- _DATA FOR THE TASK_

*** Block opens ***

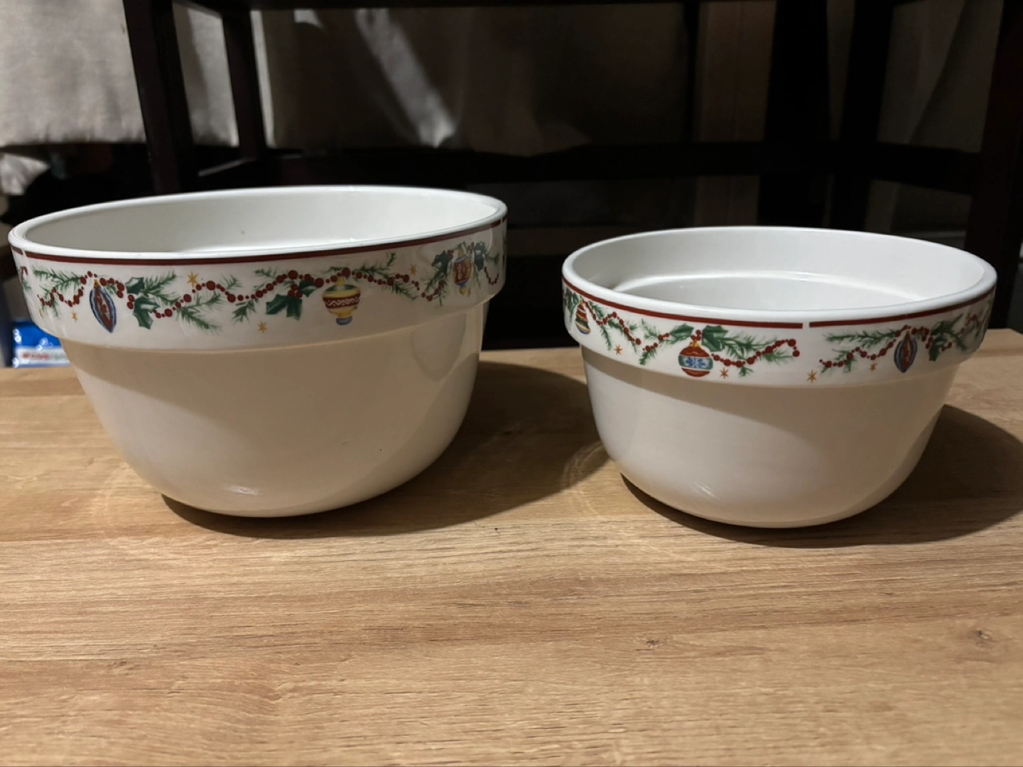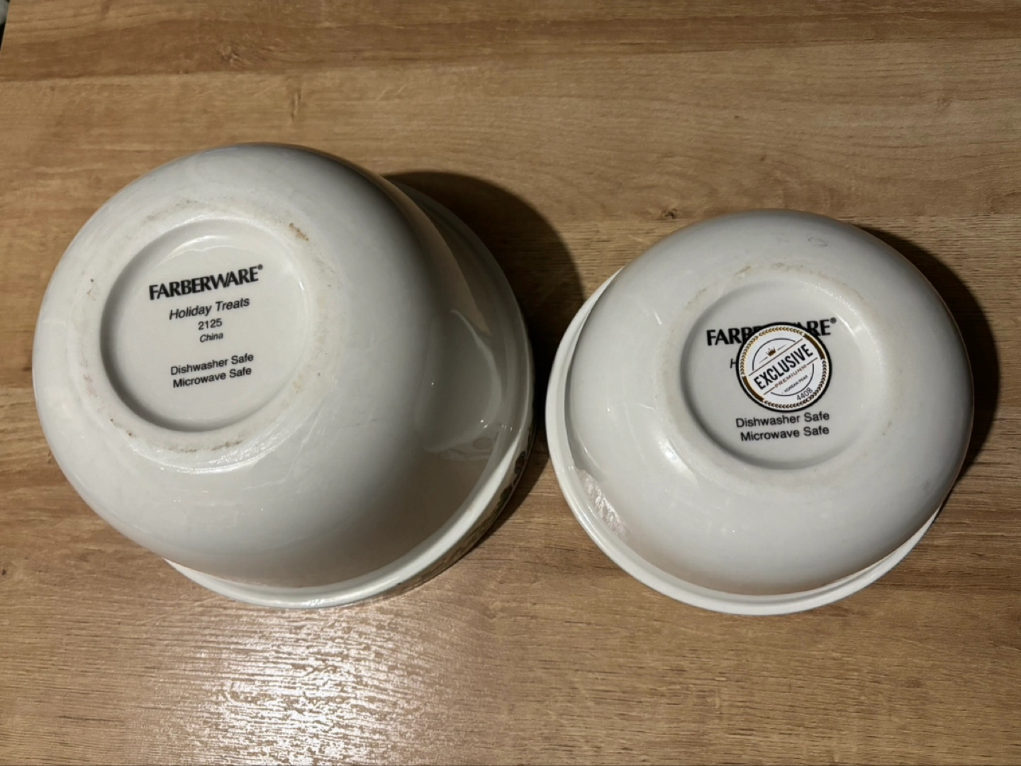 91Set of two Farberware Holiday Treats bowls. Microwave and dishwasher safe. Christmas design. Ceramic.
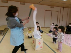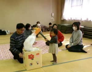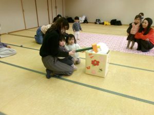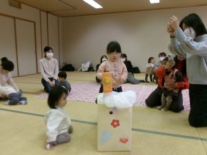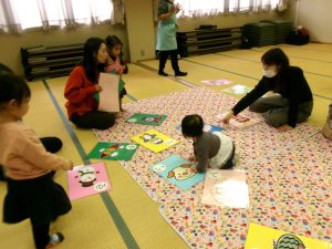 1月20日(火)に県民文化会館別館の広くて明るい畳敷きの会場に、親子さんが集まって遊びや季節の制作など楽しみました✨
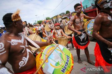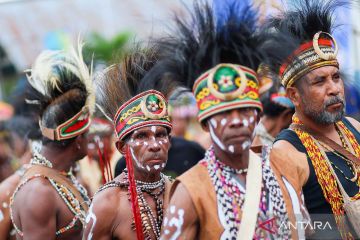 Warga berbusana khas Papua saat mengikuti Parade Budaya 1 Abad Aitumeri di Jalan Saberi Wasior, Distrik Wasior, Kabupaten Teluk Wondama, Papua Barat, Rabu (22/10/2025). Parade budaya yang diikuti berbagai kalangan suku di Papua tersebut dalam rangka perayaan satu abad situs Aitumeri yang merupakan peristiwa sejarah peradaban orang asli Papua mengenal pendidikan formal melalui sekolah yang didirikan Pendeta Dominee Izaack Samuel Kijne di Kampung Miei, Distrik Wasior pada 25 Oktober 1925. ANTARA FOTO/Chairil Indra/YU
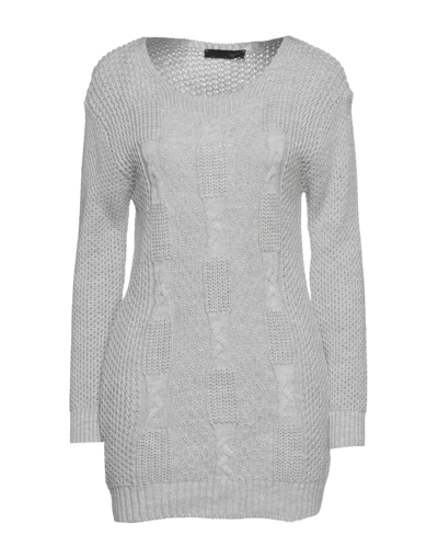knitted, lightweight knit, no appliqués, solid color, round collar, long sleeves, no pockets , Color: Light grey , Size: L/XL
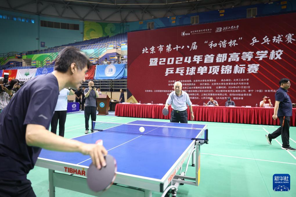 這是2024年6月1日,張燮林(后中)為北京市第十八屆“和諧杯”乒乓球賽暨2024年首都高等學(xué)校乒乓球單項錦標賽開球。新華社發(fā)

*** Block closes ***

- _THE PROBLEM_
The response consists of the data above printed line for line, with no pictures.

- _REPLY_
 91Set of two Farberware Holiday Treats bowls. Microwave and dishwasher safe. Christmas design. Ceramic.
 1月20日(火)に県民文化会館別館の広くて明るい畳敷きの会場に、親子さんが集まって遊びや季節の制作など楽しみました✨
 Warga berbusana khas Papua saat mengikuti Parade Budaya 1 Abad Aitumeri di Jalan Saberi Wasior, Distrik Wasior, Kabupaten Teluk Wondama, Papua Barat, Rabu (22/10/2025). Parade budaya yang diikuti berbagai kalangan suku di Papua tersebut dalam rangka perayaan satu abad situs Aitumeri yang merupakan peristiwa sejarah peradaban orang asli Papua mengenal pendidikan formal melalui sekolah yang didirikan Pendeta Dominee Izaack Samuel Kijne di Kampung Miei, Distrik Wasior pada 25 Oktober 1925. ANTARA FOTO/Chairil Indra/YU
knitted, lightweight knit, no appliqués, solid color, round collar, long sleeves, no pockets , Color: Light grey , Size: L/XL
 這是2024年6月1日,張燮林(后中)為北京市第十八屆“和諧杯”乒乓球賽暨2024年首都高等學(xué)校乒乓球單項錦標賽開球。新華社發(fā)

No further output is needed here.